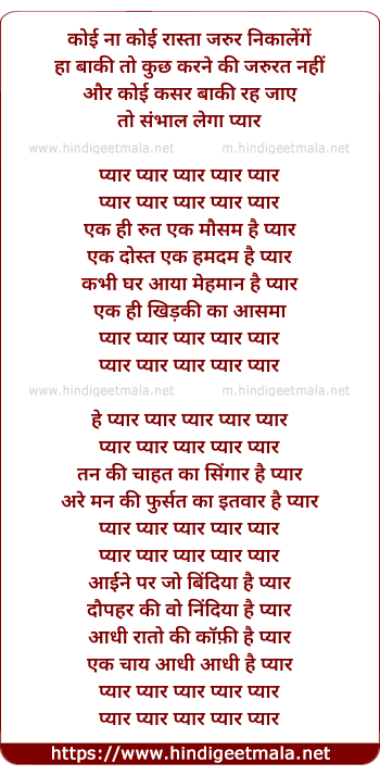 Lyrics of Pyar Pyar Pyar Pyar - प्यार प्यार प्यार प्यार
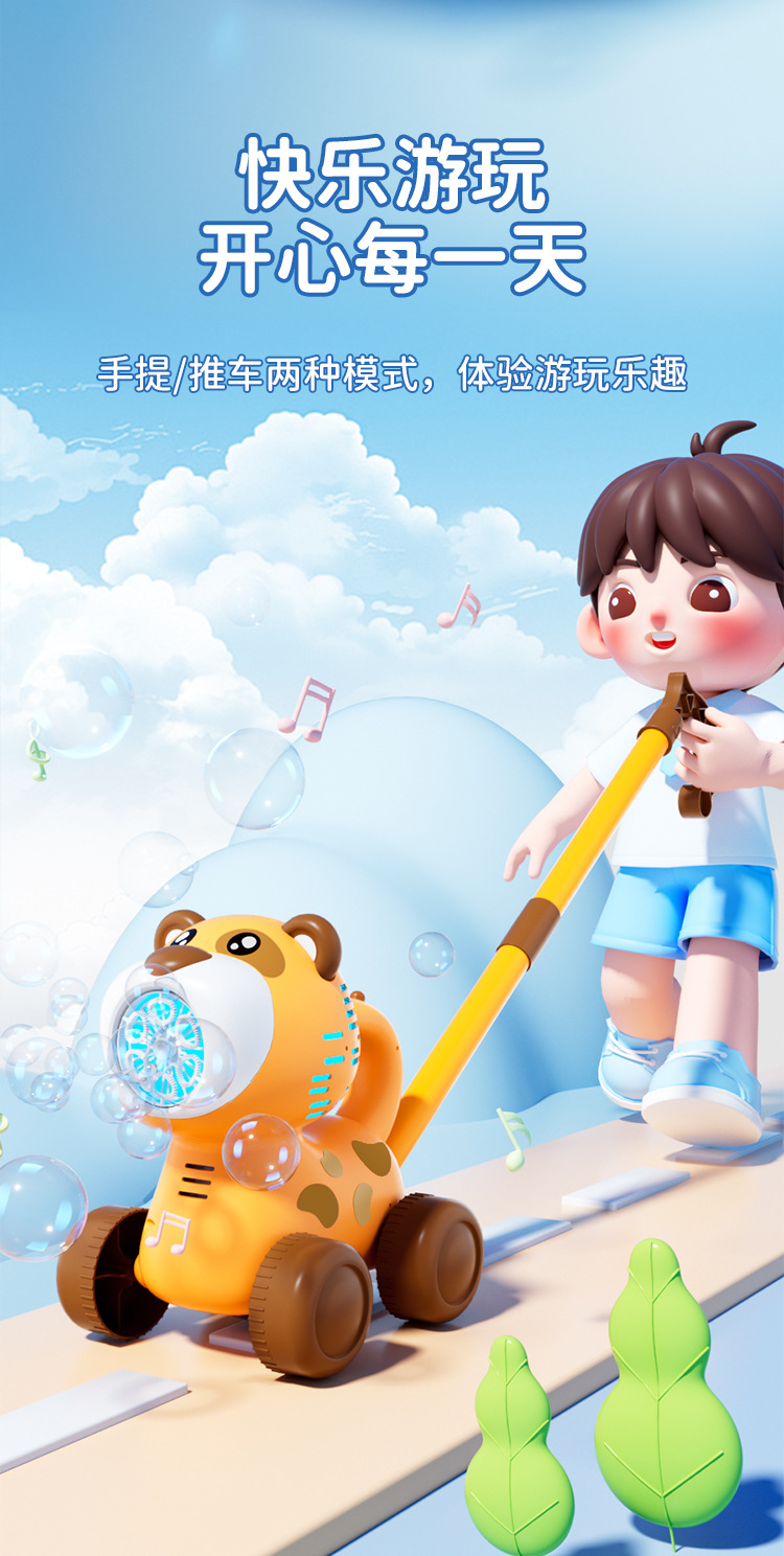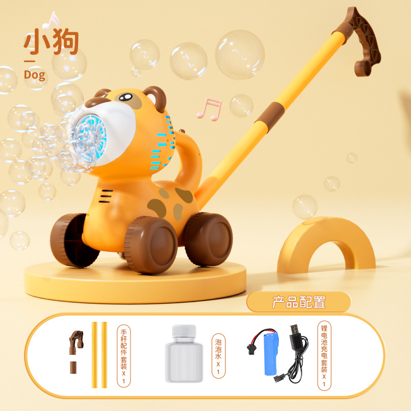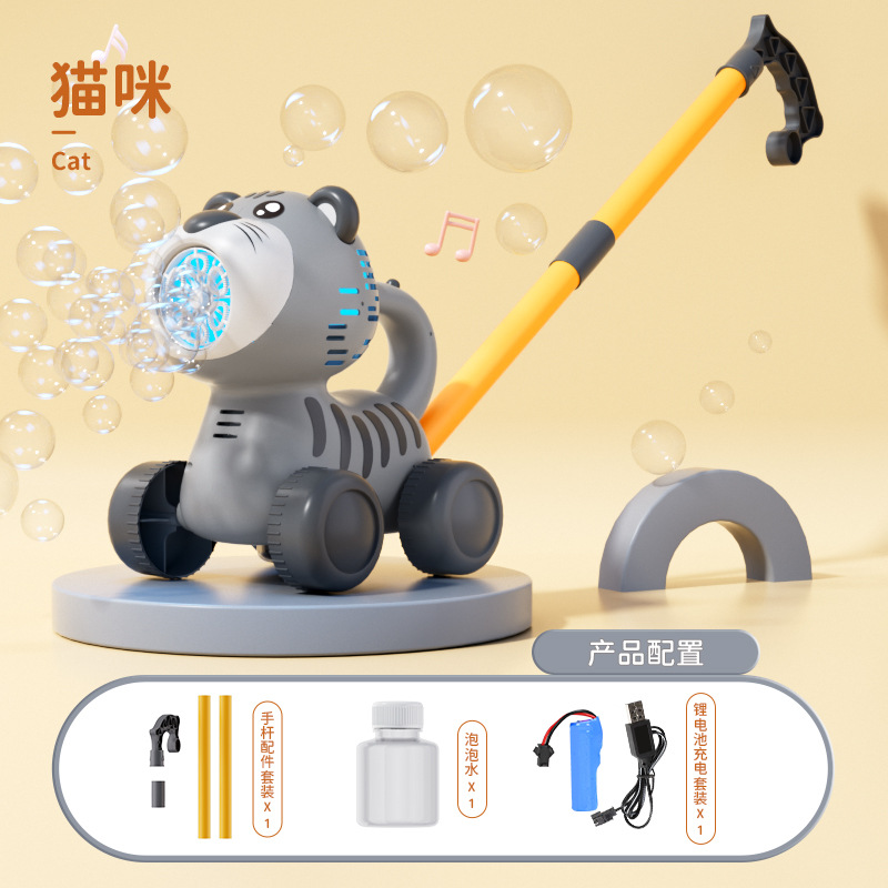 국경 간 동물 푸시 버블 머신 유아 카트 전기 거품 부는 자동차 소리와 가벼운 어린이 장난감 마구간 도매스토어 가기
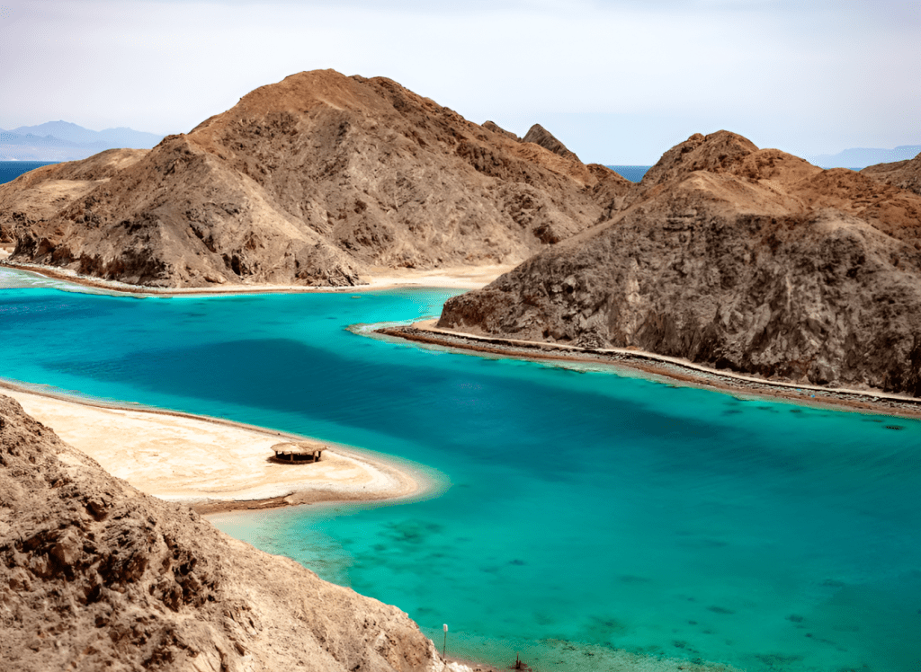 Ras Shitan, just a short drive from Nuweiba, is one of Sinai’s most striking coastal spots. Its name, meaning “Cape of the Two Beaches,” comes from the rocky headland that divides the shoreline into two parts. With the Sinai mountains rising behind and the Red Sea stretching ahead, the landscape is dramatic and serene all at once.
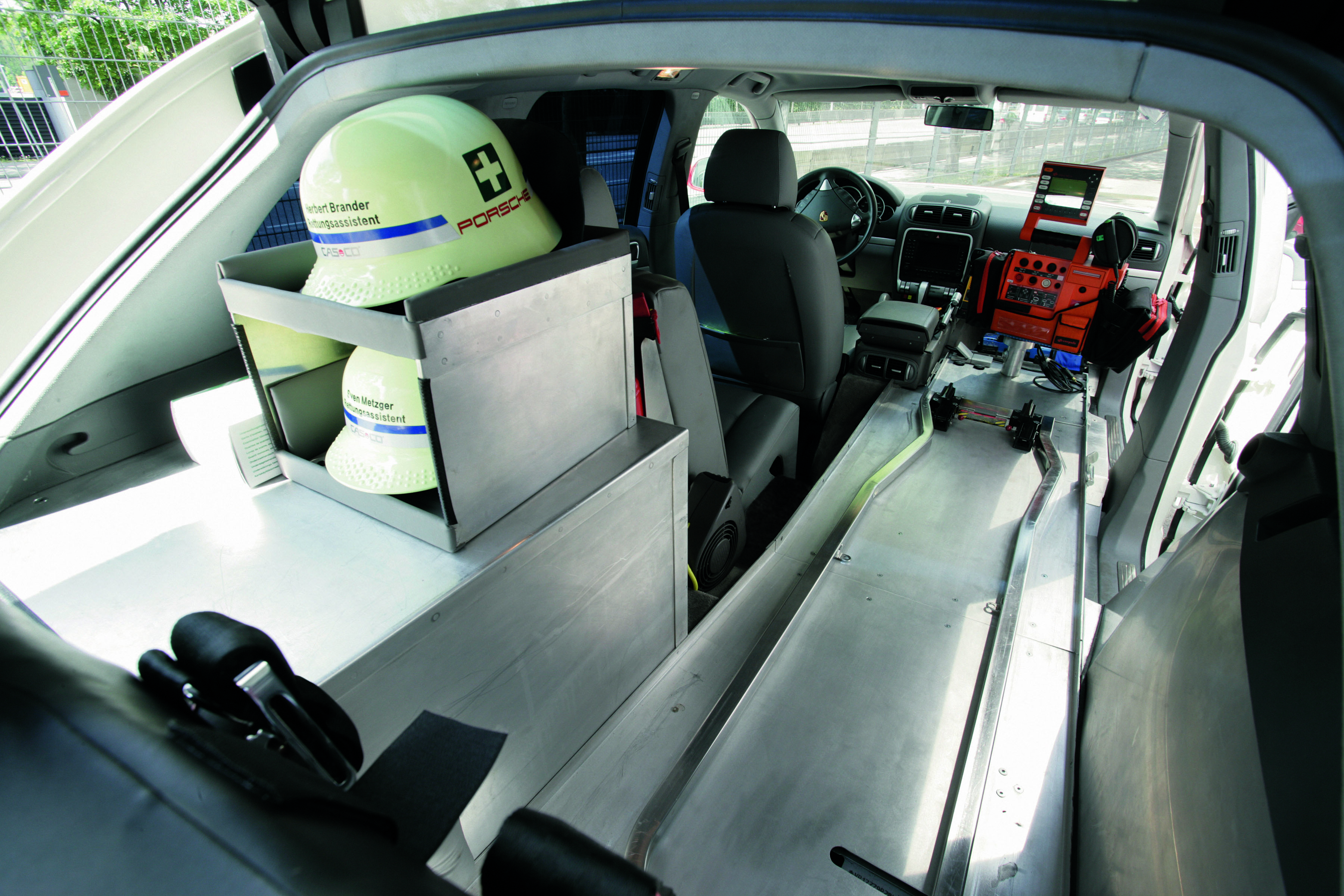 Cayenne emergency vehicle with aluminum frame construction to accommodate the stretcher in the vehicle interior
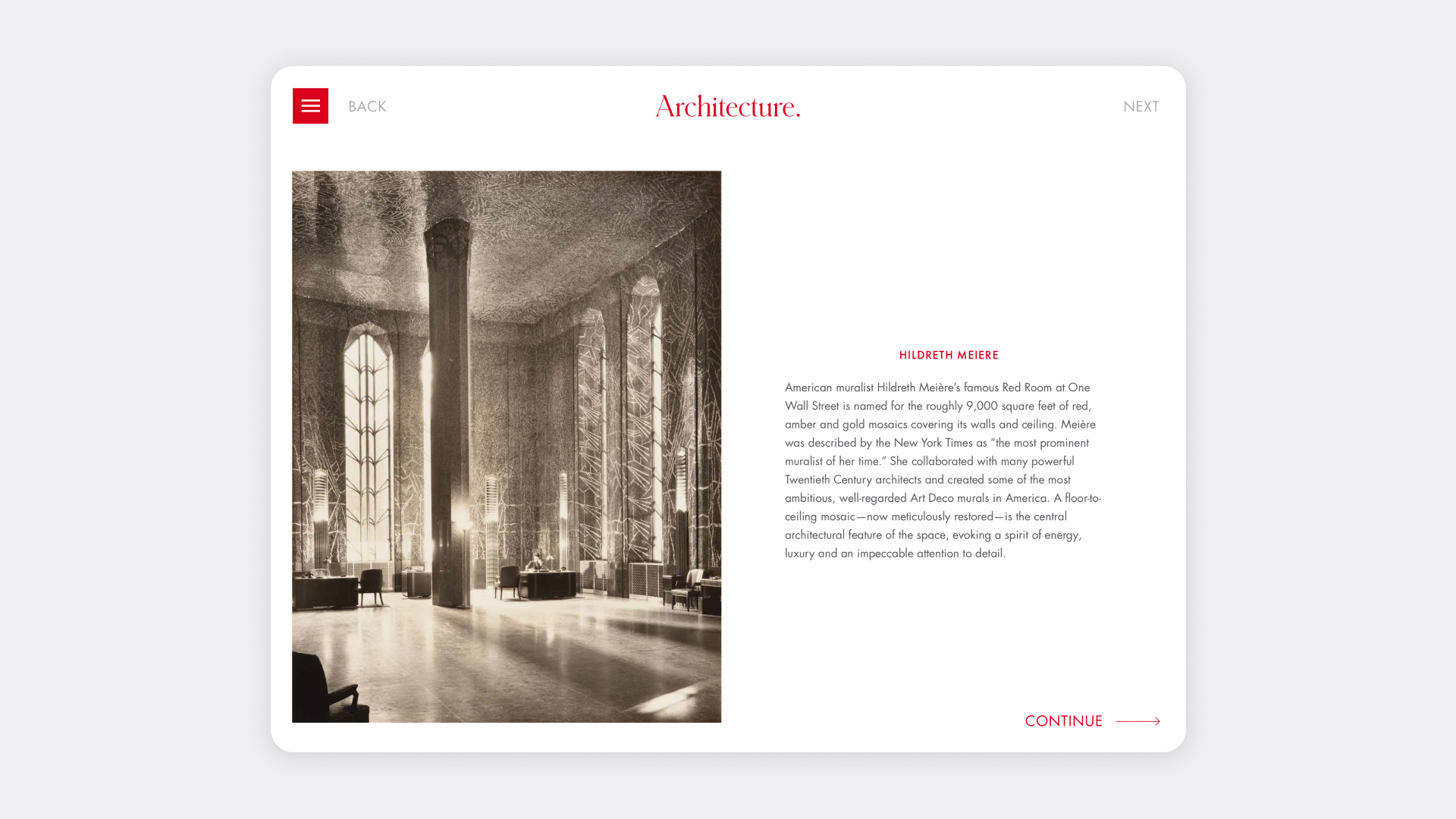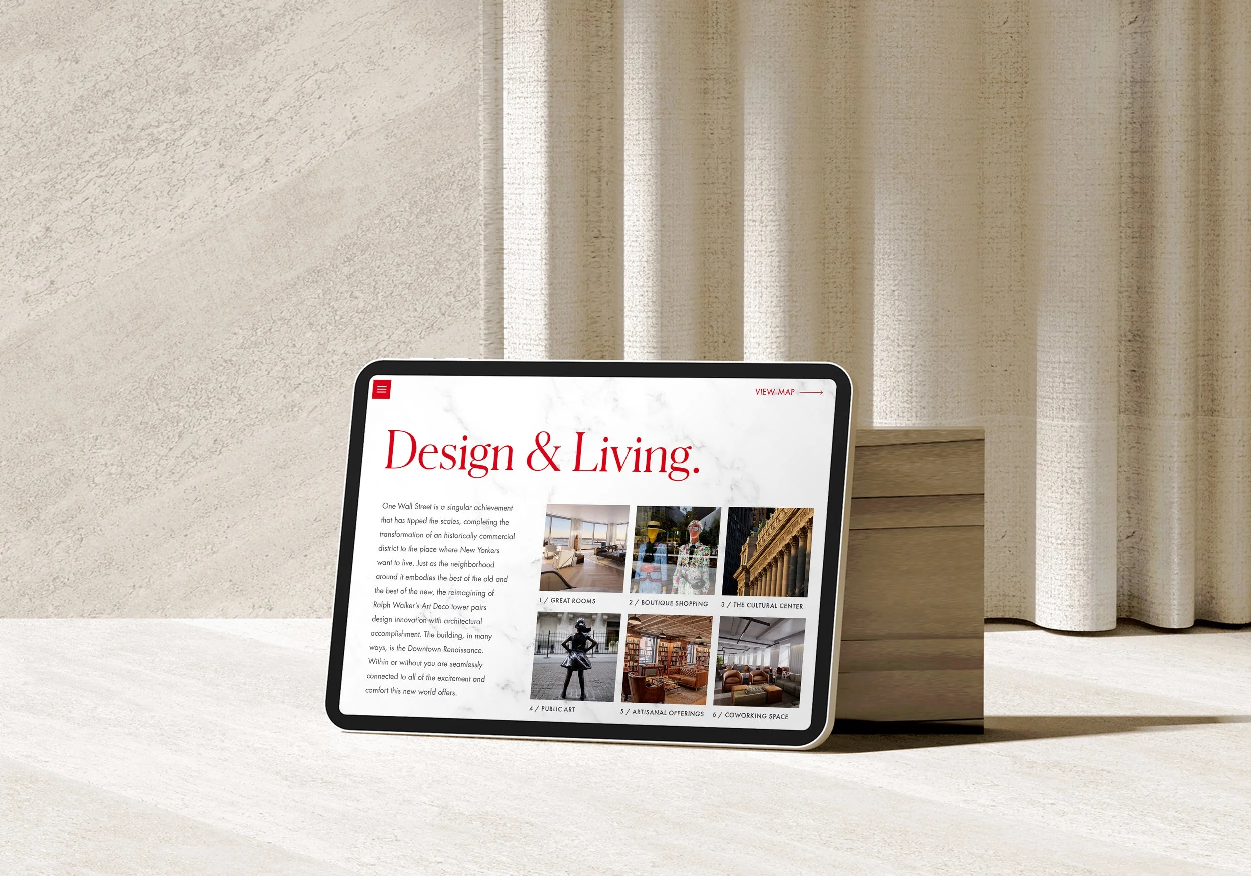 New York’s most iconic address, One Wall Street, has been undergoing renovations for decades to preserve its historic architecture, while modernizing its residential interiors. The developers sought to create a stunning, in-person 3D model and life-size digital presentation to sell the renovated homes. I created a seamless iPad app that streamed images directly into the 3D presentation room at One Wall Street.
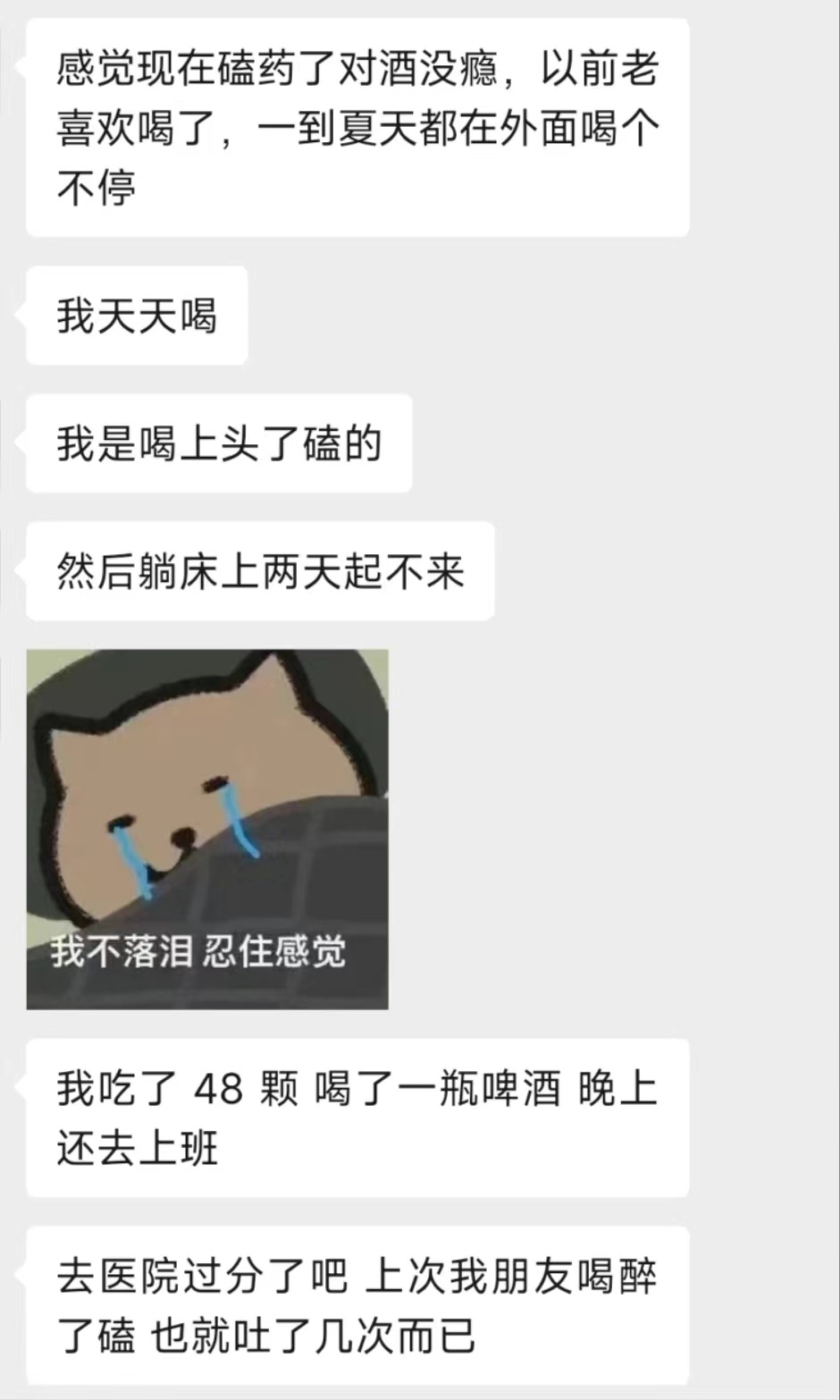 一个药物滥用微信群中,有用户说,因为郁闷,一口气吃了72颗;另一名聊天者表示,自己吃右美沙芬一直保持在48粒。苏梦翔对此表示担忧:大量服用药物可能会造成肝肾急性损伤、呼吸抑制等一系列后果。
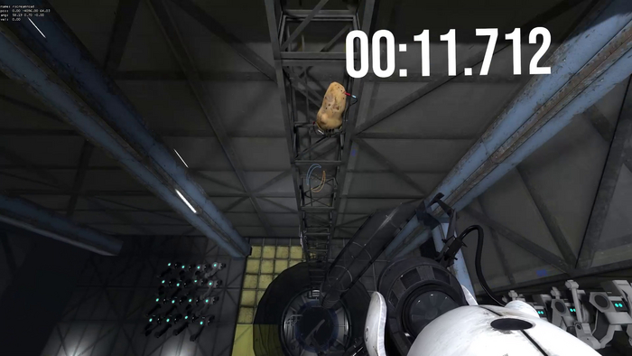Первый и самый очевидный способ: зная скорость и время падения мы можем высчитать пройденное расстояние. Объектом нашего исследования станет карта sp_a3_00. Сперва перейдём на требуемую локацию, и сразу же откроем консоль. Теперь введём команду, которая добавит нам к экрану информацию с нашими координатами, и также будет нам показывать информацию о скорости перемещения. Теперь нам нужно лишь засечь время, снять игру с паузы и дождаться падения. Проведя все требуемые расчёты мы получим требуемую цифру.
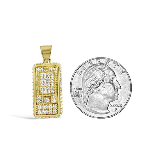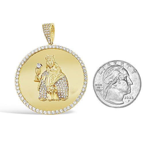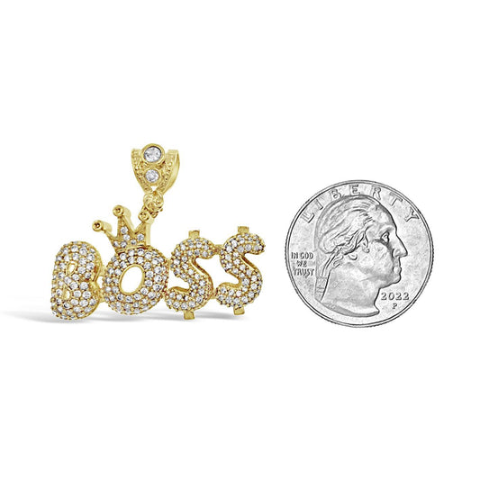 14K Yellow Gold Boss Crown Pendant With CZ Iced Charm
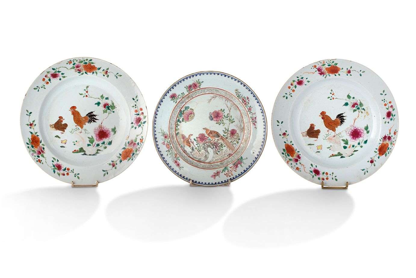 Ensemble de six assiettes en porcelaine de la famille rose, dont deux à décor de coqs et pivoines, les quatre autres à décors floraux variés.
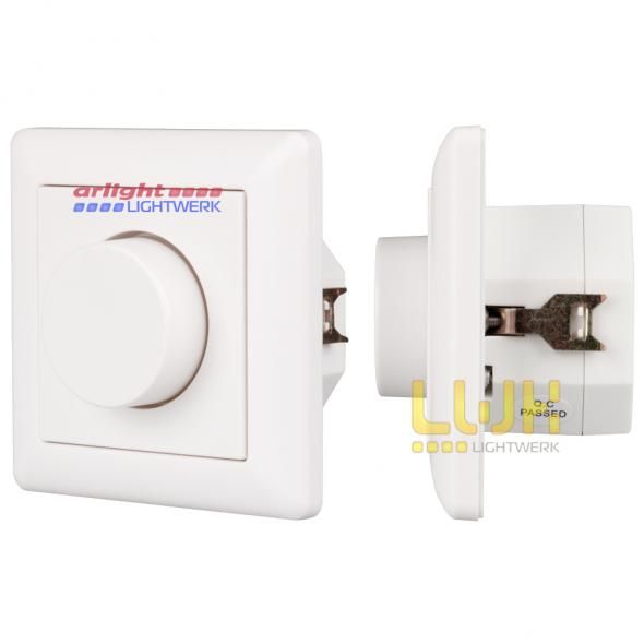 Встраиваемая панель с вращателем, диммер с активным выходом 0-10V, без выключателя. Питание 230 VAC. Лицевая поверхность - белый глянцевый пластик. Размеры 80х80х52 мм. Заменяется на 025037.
————————
What you have to do
Print every entry exactly as written, without the pictures.

Task response
 Lyrics of Pyar Pyar Pyar Pyar - प्यार प्यार प्यार प्यार
 국경 간 동물 푸시 버블 머신 유아 카트 전기 거품 부는 자동차 소리와 가벼운 어린이 장난감 마구간 도매스토어 가기
 Ras Shitan, just a short drive from Nuweiba, is one of Sinai’s most striking coastal spots. Its name, meaning “Cape of the Two Beaches,” comes from the rocky headland that divides the shoreline into two parts. With the Sinai mountains rising behind and the Red Sea stretching ahead, the landscape is dramatic and serene all at once.
 Cayenne emergency vehicle with aluminum frame construction to accommodate the stretcher in the vehicle interior
 New York’s most iconic address, One Wall Street, has been undergoing renovations for decades to preserve its historic architecture, while modernizing its residential interiors. The developers sought to create a stunning, in-person 3D model and life-size digital presentation to sell the renovated homes. I created a seamless iPad app that streamed images directly into the 3D presentation room at One Wall Street.
 一个药物滥用微信群中,有用户说,因为郁闷,一口气吃了72颗;另一名聊天者表示,自己吃右美沙芬一直保持在48粒。苏梦翔对此表示担忧:大量服用药物可能会造成肝肾急性损伤、呼吸抑制等一系列后果。
Первый и самый очевидный способ: зная скорость и время падения мы можем высчитать пройденное расстояние. Объектом нашего исследования станет карта sp_a3_00. Сперва перейдём на требуемую локацию, и сразу же откроем консоль. Теперь введём команду, которая добавит нам к экрану информацию с нашими координатами, и также будет нам показывать информацию о скорости перемещения. Теперь нам нужно лишь засечь время, снять игру с паузы и дождаться падения. Проведя все требуемые расчёты мы получим требуемую цифру.
 14K Yellow Gold Boss Crown Pendant With CZ Iced Charm
 Ensemble de six assiettes en porcelaine de la famille rose, dont deux à décor de coqs et pivoines, les quatre autres à décors floraux variés.
 Встраиваемая панель с вращателем, диммер с активным выходом 0-10V, без выключателя. Питание 230 VAC. Лицевая поверхность - белый глянцевый пластик. Размеры 80х80х52 мм. Заменяется на 025037.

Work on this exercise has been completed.